OTTAWA, Ontario, December 7, 2004 —The Bank of Canada today announced that it is maintaining its target for the overnight rate at 2 1/2 per cent. The operating band for the overnight rate is unchanged, and the Bank Rate remains at 2 3/4 per cent.
Information received since the October Monetary Policy Report (MPR) suggests that economic activity in Canada has been broadly in line with the Bank's expectations, with core inflation remaining below the 2 per cent inflation target. Although oil prices have declined, global economic growth prospects have moderated slightly. The U.S. dollar has depreciated further against major floating currencies, including the Canadian dollar.
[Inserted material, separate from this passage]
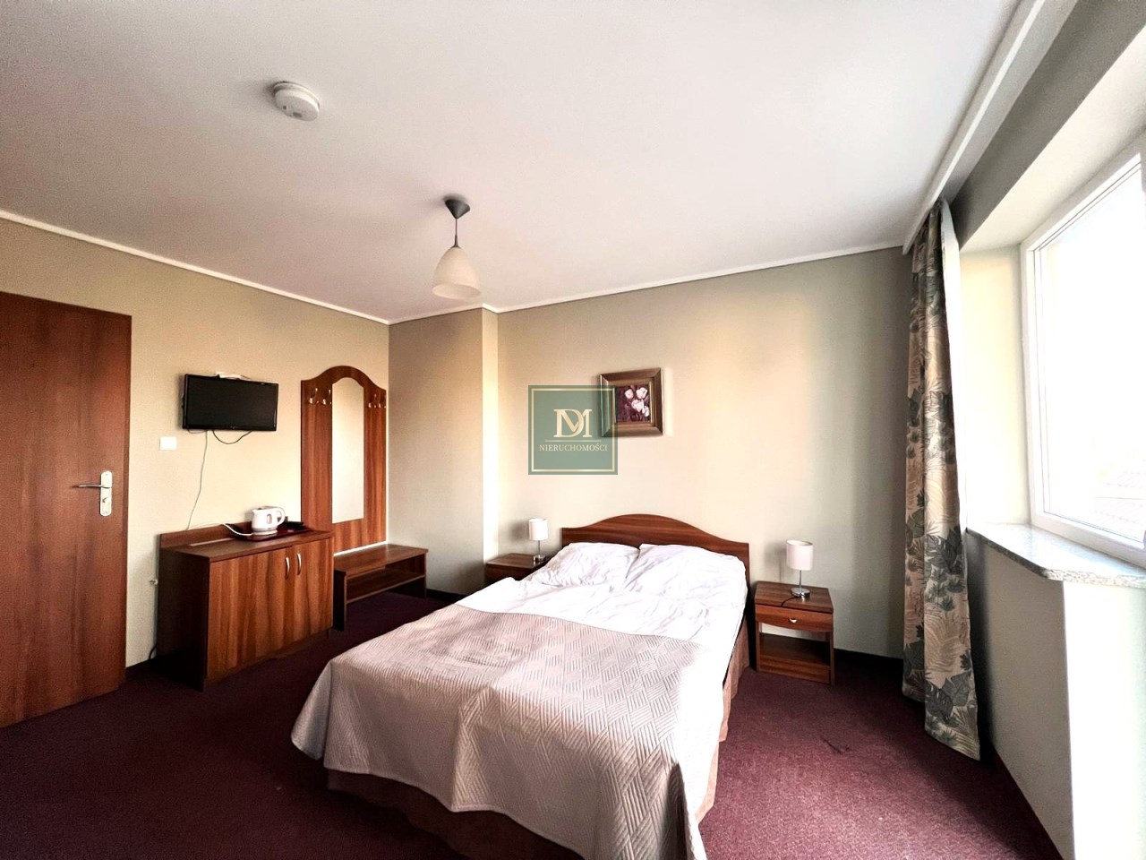-pokój z łóżkiem sypialnianym oraz pojedynczym z wyjściem na balkon oraz łazienką. Wyposażony w sprzęt AGD, TV, zabudowę meblową oraz pościel i ręczniki.
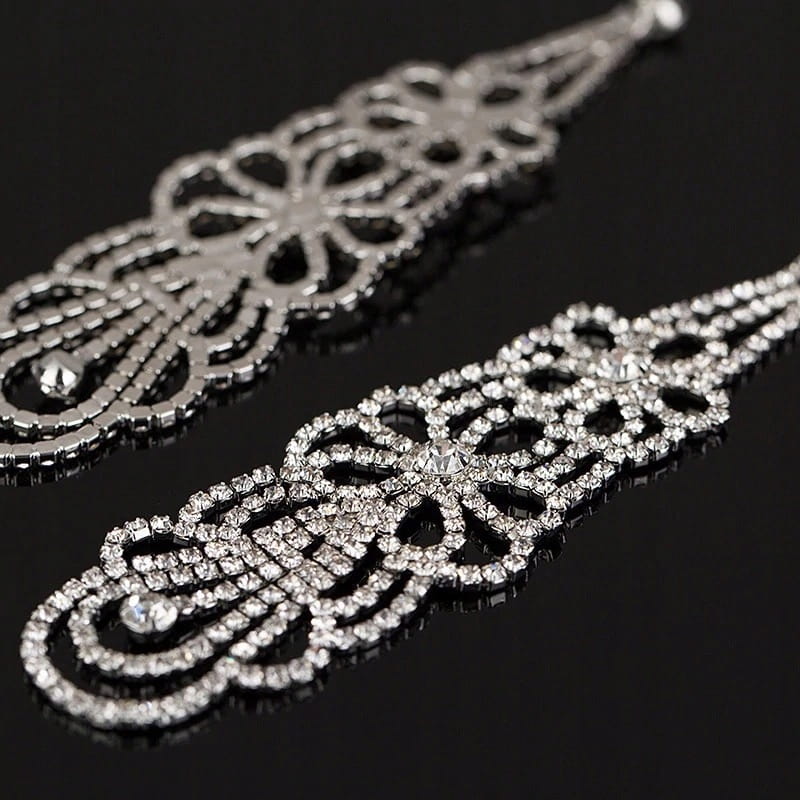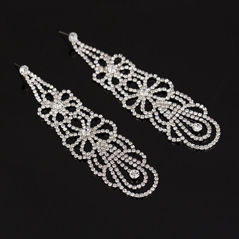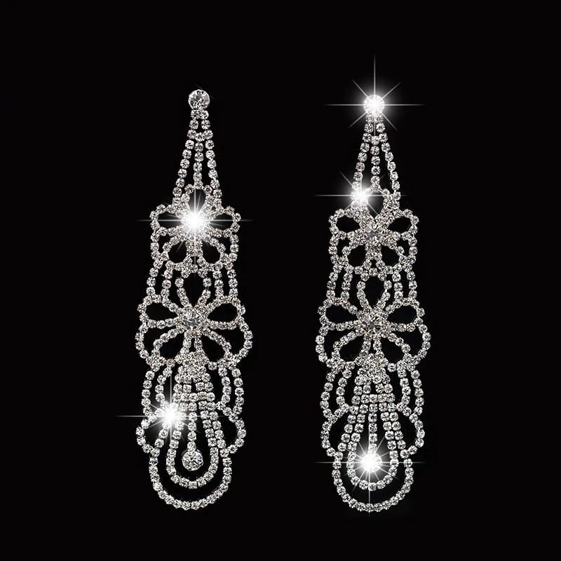 Przedmiotem aukcji są doskonałe na prezent, widoczne na zdjęciu olśniewające damskie kolczyki z kamieniami przypominającymi cyrkonie. Wiszące kolczyki zapinane są na sztyft. Doskonałe na wieczorowe wyjścia, świetnie dopasują się do eleganckiego stroju.

If exchange rates were to persist at current levels, and if all other economic and financial factors were to remain unchanged, there would be a dampening effect on aggregate demand for Canadian goods and services.
In light of these considerations, the Bank decided to leave the target for the overnight rate unchanged. With the overnight rate at 2 1/2 per cent, a considerable amount of monetary stimulus remains in the Canadian economy. As well, the underlying trends in the global economy continue to point to solid economic growth. Accordingly, the Bank will be paying close attention to the prospects for factors that affect pressures on capacity and, hence, inflation.
The main risks and uncertainties around the outlook for the Canadian economy remain those that the Bank identified and analyzed in the MPR. They relate to global imbalances, the realignment of currencies, commodity prices, the growing presence of emerging market economies such as China and India, and the related adjustments within the Canadian economy. The Bank will monitor these factors, with a view to keeping aggregate demand and supply in balance in order to achieve the inflation target.
The Bank of Canada's next scheduled date for announcing the overnight rate target is 25 January 2005.
The Monetary Policy Report Update will be published on 27 January 2005.